The GainBitcoin scam exemplifies the loopholes and legal challenges in India’s cryptocurrency landscape. This Ponzi scheme, launched in 2015, lured investors with promises of 10% monthly returns in Bitcoin, amassing ₹6,600 crore. Masterminds like Ajay.Bharadwaj diverted funds to private wallets, leaving investors empty-handed. The scheme used a multi-level marketing structure, rewarding existing investors for recruiting new ones. When new capital dwindled, payouts were switched to the less valuable MCAP cryptocurrency. The Supreme Court eventually handed the investigation to the CBI, seizing cryptocurrencies worth ₹23.94 crore. This case highlights the appeal of high-return promises, the exploitation of regulatory gaps, and challenges in tracing and recovering misappropriated funds. Despite CBI’s efforts, many investors remain without recourse, underscoring the urgent need for stricter regulations and greater awareness to prevent such scams. The ED also cracked down on a ₹600 crore fraud involving spoofed exchange.
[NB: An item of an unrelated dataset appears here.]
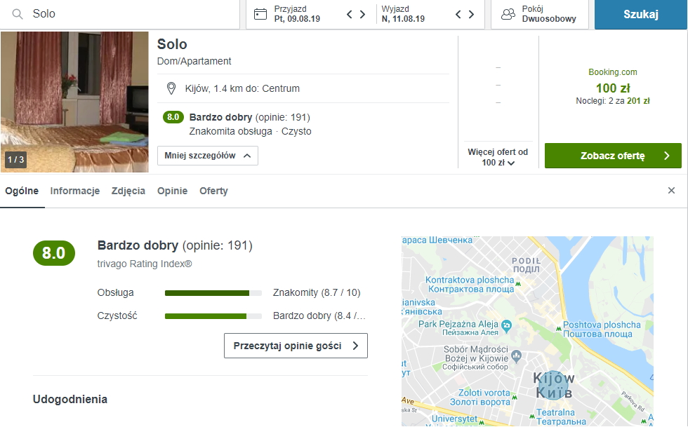 Przeloty realizowane są na pokładzie węgierskiej linii lotniczej Wizz Air. Aby uzyskać taką cenę, musisz być członkiem Wizz Discount Club. Apartament Solo leży na lewym brzegu rzeki Dniepr, 100 metrów od stacji metra Pozniaki. Pokoje są prosto zaprojektowane i wyposażone w niezbędne dodatki. Do waszej dyspozycji jest prywatna łazienka w pokoju.

In my opinion, combating cryptocurrency fraud in India requires robust regulations, specialized law enforcement training, and widespread public awareness. Educating investors about risks, enforcing strict KYC norms, and leveraging blockchain analysis are essential. A comprehensive approach will ensure a safer crypto ecosystem, fostering innovation while protecting investors from exploitation.